Dear Readers,

As you may have seen elsewhere, in mid February my wife and I suffered the loss of our home in a fire, in the hills of central Massachusetts. The good news is that we got out safely and had no animals in our care at the time. The fire crews were able to contain the fire from spreading, in what turned into a 3-alarm, 5-hour-long ordeal in subzero temperatures; they did amazing work, and no one was injured. The bad news is that all of my physical historical materials and research of 30 years have gone up in smoke. As a result I have decided to suspend this blog for the time being. It will remain online as a resource for those interested in the history of glass and glassmaking in the seventeenth century and beyond. I do intend to resume writing when I can, but for now my time and energy are required in getting us back on our feet.

Friends are providing temporary shelter for us nearby and our intention is to rebuild as soon as possible. To those who have reached out with a steady hand, to those who have opened their wallets, and offered advice in our time of need, we thank you from the bottom of our hearts. In what are already difficult times for all of us, you have made a huge difference in our lives.

Paul Engle
6 March, 2021

Friday, March 21, 2014

Red Like Blood

Dionysos in a ship, sailing among dolphins,
(iron oxide red and black glazes)
bowl discovered at 
Vulci, Viterbo.
Artist: Exekias (c. 530 BCE)
The use of iron oxide, or "rust" as it is commonly known, as a pigment is ancient. In fact, it is one of the oldest colorants in human history. It is found in the earliest cave paintings and in shells and cups as a residue of body paint, used by peoples who lived tens of thousands of years ago. It is found as solid minerals and also as iron rich clay, occurring in many variations, taking the colors of red, yellow, orange, green, grey and black. In the Iron Age, workers learned to produce some of these oxides directly, as byproducts of the forging process. Of course, until relatively recently it was not known that these were "oxides," only that they were colorant materials associated with iron.

The three most common forms all occur as dark grey or black mineral, but each possesses distinctive properties. "Wüstite" (FeO) is often found in meteorites, "hematite" (Fe2O3) forms a red powder when scraped, appearing to bleed, hence the name and finally, "magnetite" (Fe3O4), which is magnetic. These oxides can occur chemically bound with water, as mixtures and in different crystal structures, forming a family of compounds. The iconic red and black pottery of the Greeks was colored with iron oxide; the red (or orange) was hematite and the black was magnetite. Chinese "celadon" glaze is a green-blue that resembles jade; it is derived from an iron oxide (FeO), which does occur in nature as wüstite, but in this case forms chemically in the potters kiln.

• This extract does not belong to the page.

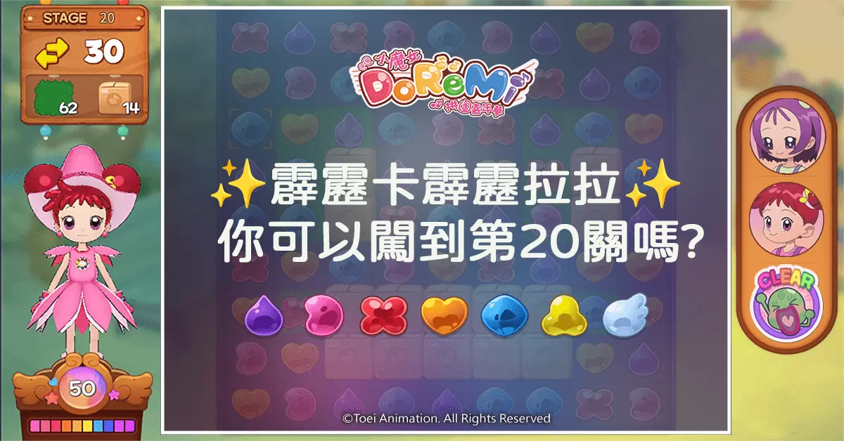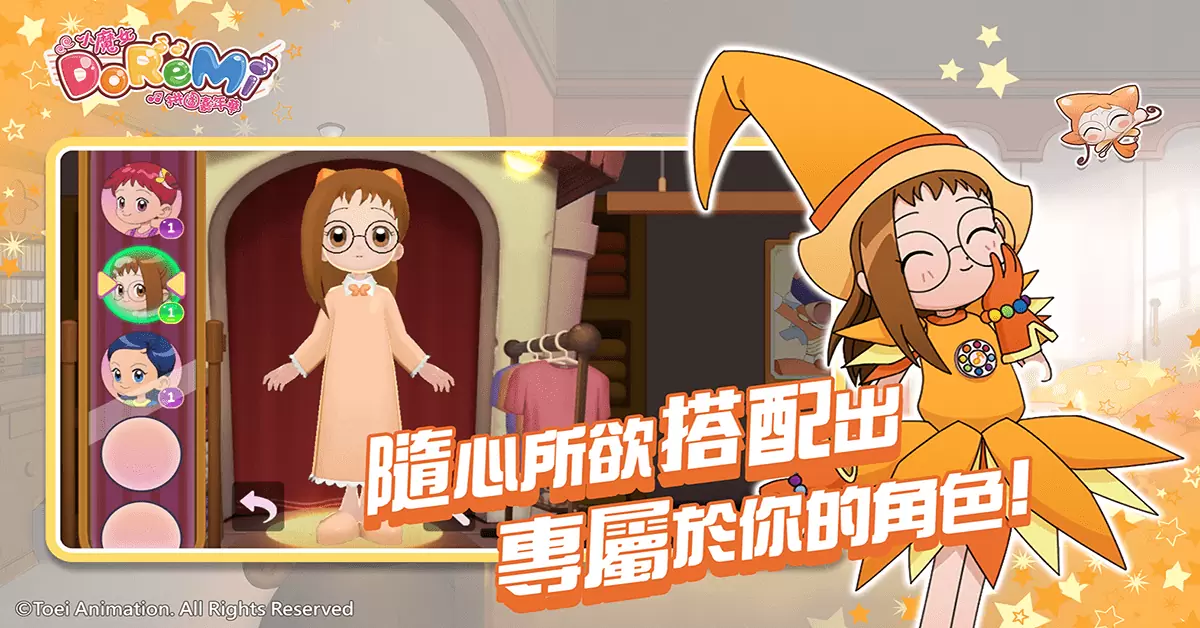 动画《小魔女DoReMi》的魔法咒语琅琅上口,一句「霹雳卡霹雳拉拉」就能让人接上一句「波波力那贝贝鲁多」,满满童年回忆涌现,官方将经典动画剧情融入游戏之中,故事描述从小幻想成为魔女梦想的主角春风 DoReMi,某天不小心拆穿魔法堂老闆魔女莉卡的身分使她变成青蛙,为了帮助魔女莉卡恢复原状,而和好友小爱、羽月一起成为魔女见习生,共同完成多种任务,以成为独当一面的魔女为目标迈进。在游戏中也规划了魔女晋级考试的拼图关卡,通关成为高等级的魔女还可获得更好的每日奖励哦!而游戏中也添加了故事新篇章,就等各位亲自游玩体验!

Iron, as a pigment in glass, can be responsible for several different colors, notably green and according to Antonio Neri also red. Today red from iron is common in pottery glazes, but not in glass. In his 1612 book, L’Arte Vetraria, Neri does not offer a specific recipe for iron red, but in chapter seventeen he teases us with this passage:
This second way to make crocus martis although very easy should not be disparaged, but rather highly regarded, since crocus produced this way causes the glass to appear a rather bright blood red.
Crocus martis was the alchemical name for the red oxide of iron (Fe2O3). Neri’s iron red may depend on making a suspension of the finely ground powder in the glass. It is questionable how stable it would be in the furnace; eventually the powder would dissolve in the glass turning it transparent green. But as mentioned above, this oxide is successfully used in red pottery glazes. For glassmakers in the seventeenth century, not iron but copper was the most common pigment for producing red, yet here he presents us with an intriguing alternative. However basic crocus martis might be, Neri holds it in great esteem, using his alchemical reasoning to explain that it has the power to expose colors which are usually hidden in the glass. He continues:
The way to make it is like this: Obtain some iron filings, although steel is better if you are able to get it. Mix it well in a terracotta oven-pan with strong vinegar, which is sprinkled only until it is moist throughout. Now spread it out in the pans, and put it in the sun to bake. When the sun is clouded, leave it in the open air to dry. Now turn it into powder. If it leaves any hard lumps, sprinkle and moisten them with new vinegar, leave it to dry again and then pulverize, as above. This work should be repeated eight times, then grind and sift it through a fine sieve, which will make a very fine powder the color of brick dust. Store this in well sealed vessels for use in the coloring of glass.
From this prescription, we can guess that he was producing a mixture of hematite and iron acetate. The fact that iron does not appear as a red pigment in other glassmaking references makes his statement something of a mystery, perhaps to be solved by engaging our glassmaker's own favorite activity: experimentation.